The 10-year-old niece, the daughter of Heber Jeffs’ sister, was apparently unharmed, Gleave said.

“Homeland Security is trying to arrange to get her back here and reunite with her mother,” he said.

Heber Jeffs is jailed at the Ward County Jail, the county’s Sheriff Bob Roed said. It wasn’t immediately clear if he has an attorney who could speak on his behalf.

Kidnapping charges were filed out of Utah against Heber Jeffs in December. Authorities said at the time that he and his niece had gone missing, apparently to keep the girl from her mother on orders issued by Warren Jeffsfrom prison in Texas.

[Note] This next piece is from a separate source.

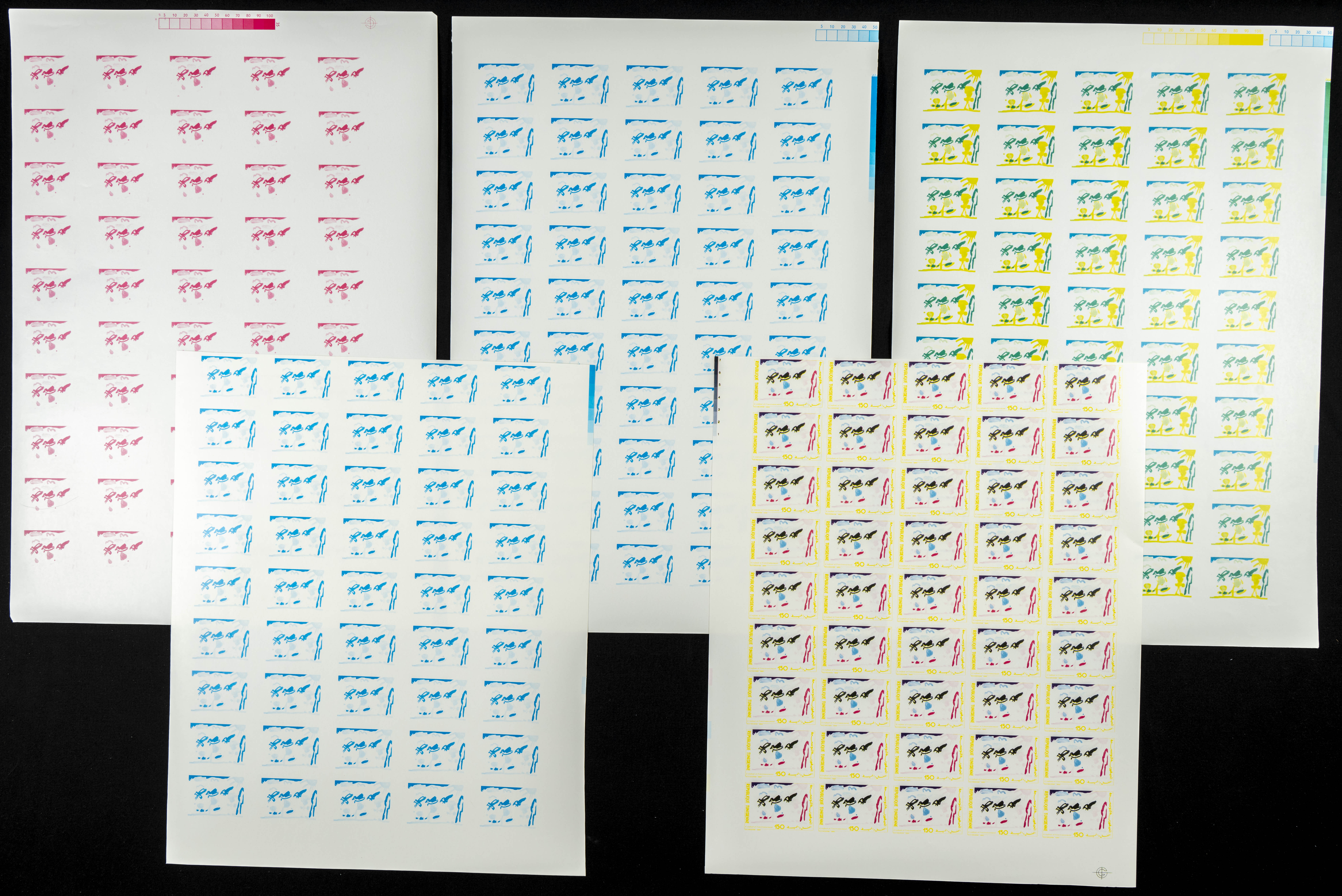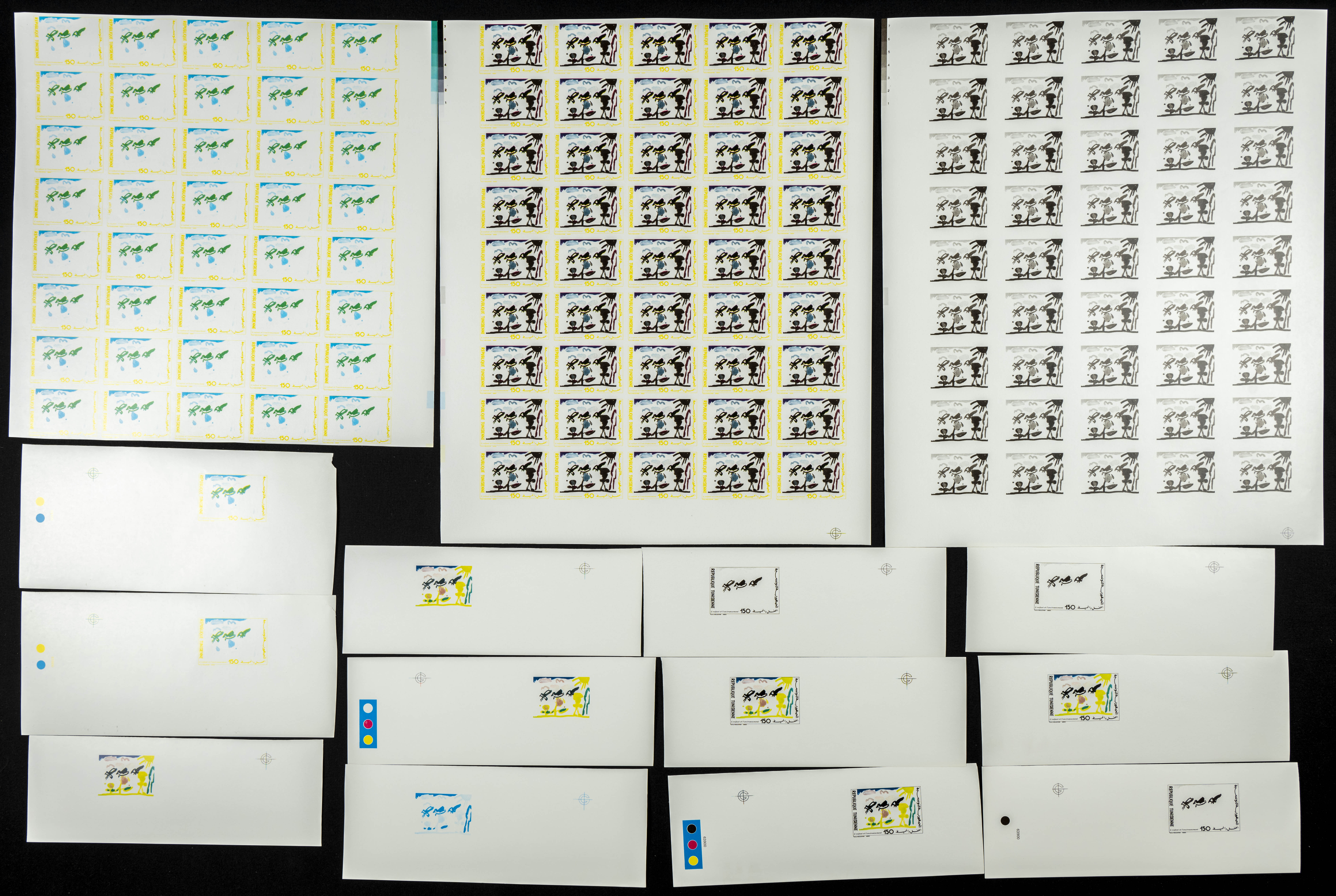 ★★Yvert 1147. 1990. Children and the Environment. Group of progressive plate proofs of the set. TO EXAM.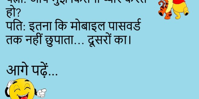 पति: इतना कि मोबाइल पासवर्ड तक नहीं छुपाता… दूसरों का।😊😊😊😊

Court documents say Heber Jeffs had kept the girl in his home in Kingston, Utah, since his uncle said months earlier that he received a revelation from God directing his followers to “gather” the community’s women “and prepare to move to a location or locations as directed by Warren Jeffs,” or his son, Helaman Jeffs.

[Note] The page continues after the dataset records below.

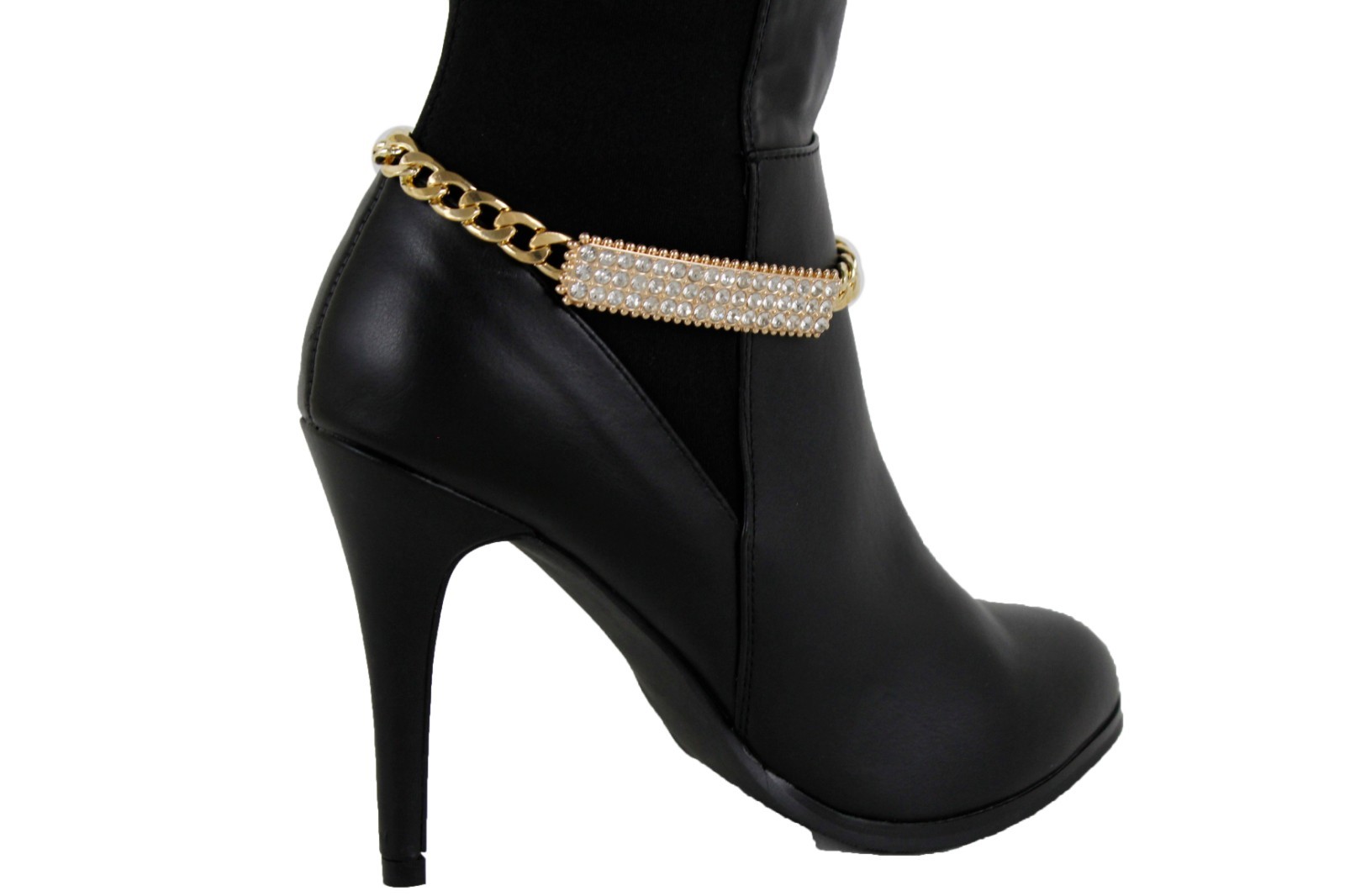 Women Gold Metal Chain Boot Bracelet Shoe Anklet Side Charm Bling Plate Strap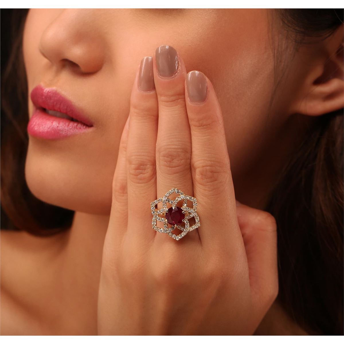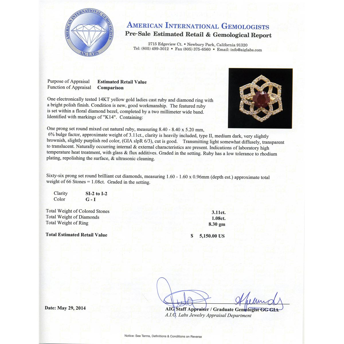 One electronically tested 14KT yellow gold ladies cast ruby and diamond ring with a bright polish finish. Condition is new, good workmanship. The featured ruby is set within a floral diamond bezel, completed by a two millimeter wide band. Identified with markings of "K14". Containing: One prong set round mixed cut natural ruby, measuring 8.40 - 8.40 x 5.20 mm, 6%. bulge factor, approximate weight of 3.11ct., clarity is heavily included, type II, medium dark, very slightly brownish, slightly purplish red color, (GIA slpR 6/3), cut is good. Transmitting light somewhat diffusely, transparent to translucent. Naturally occurring internal & external characteristics are present. Indications of laboratory high temperature heat treatment, with glass & flux additives. Graded in the setting. Ruby has a low tolerance to rhodium plating, repolishing the surface, & ultrasonic cleaning. Sixty-Six prong set round brilliant cut diamonds, measuring 1.60 - 1.60 x 0.96mm (depth est.) approximate. Total Weight of 66 Stones = 1.08ct. Graded in the setting. Clarity: SI-2 to I-2 . Color: G - I. Total Weight of Colored Stones 3.11ct.. Total Weight of Diamonds 1.08ct.. Total Weight of Ring 8.30gm. AIG Appraised at $5,150.00.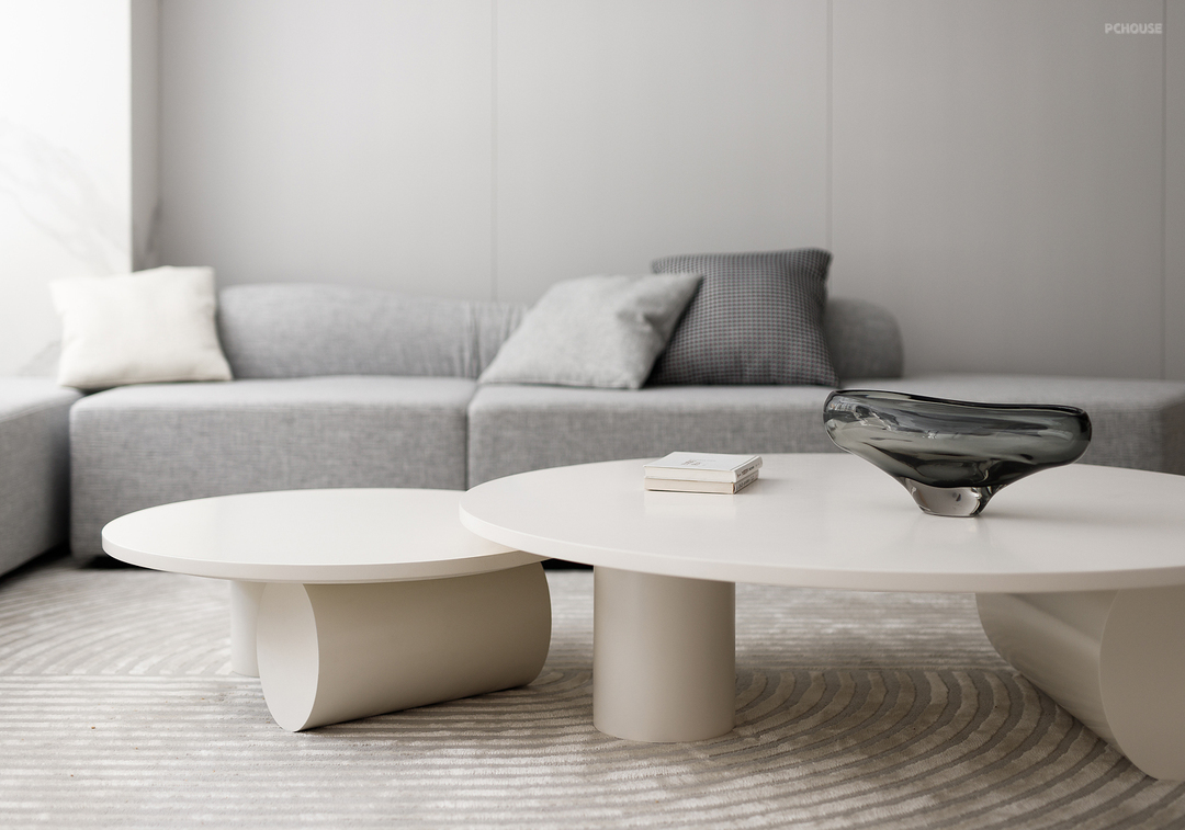 灰白色的主体空间在原木色点缀下,给人温馨暖意感。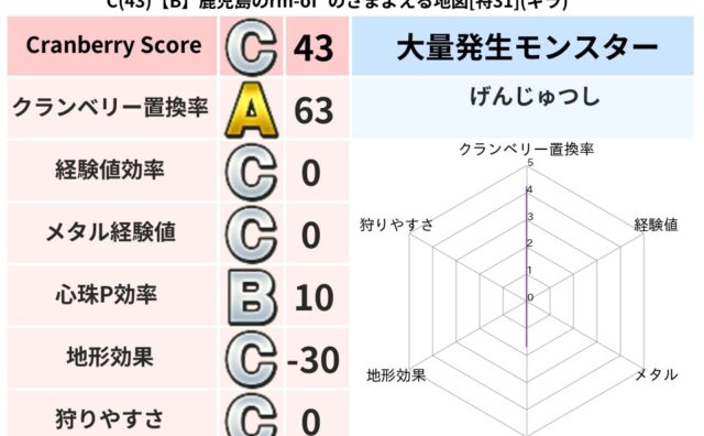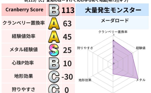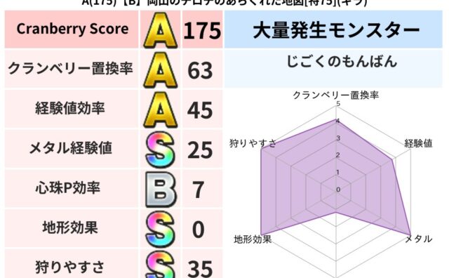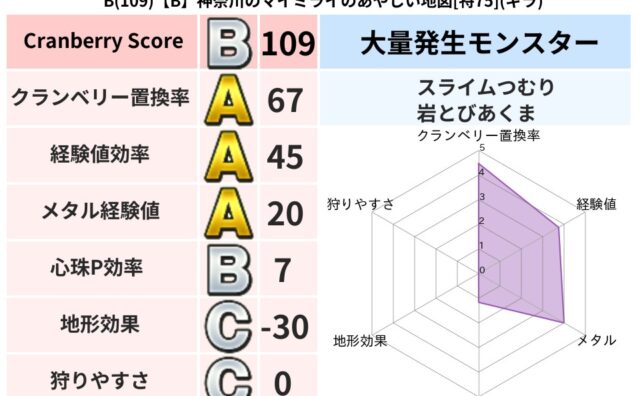 クランベリーボット判定結果の詳細クランベリースコア113クランベリー置換率63%大量発生モンスターメーダロード超耐性ギラ(77%)こころ道 完全一致モンスターパペットマン天地雷鳴士(天道Lv5)ぐんたいガニ守り人(ささえ道Lv10)たてまじ...

Warren Jeffs is president of the Fundamentalist Church of Jesus Christ of Latter-day Saints. The faith is an offshoot of The Church of Jesus Christ of Latter-day Saints, widely known as the Mormon church, and espouses polygamy. It has historically been based in a small town that straddles the Utah-Arizona line. The mainstream church disavowed polygamy more than a century ago.

Since being found guilty on child sexual abuse charges stemming from underage marriages, Warren Jeffs has continued to serve as the group’s prophet from a federal prison in Texas where he’s serving a life sentence.

Prosecutors said that Heber Jeffs and his wife Sarah have cared for their niece since her parents split up when the girl was an infant. Rose Jeffs, the girl’s mother who is no longer an FLDS member, was allowed regular visitation and full access to her daughter until August. At that time, Heber Jeffs told her he would no longer allow visitation. The court documents point to the revelation as a primary reason.

Court documents say Rose Jeffs then demanded to take her daughter back, at which point Heber Jeffs said he planned to cut off communication. Later, when law enforcement began pursuing Heber Jeffs, they couldn’t find him at his home or places he had worked, prompting a warrant for his arrest.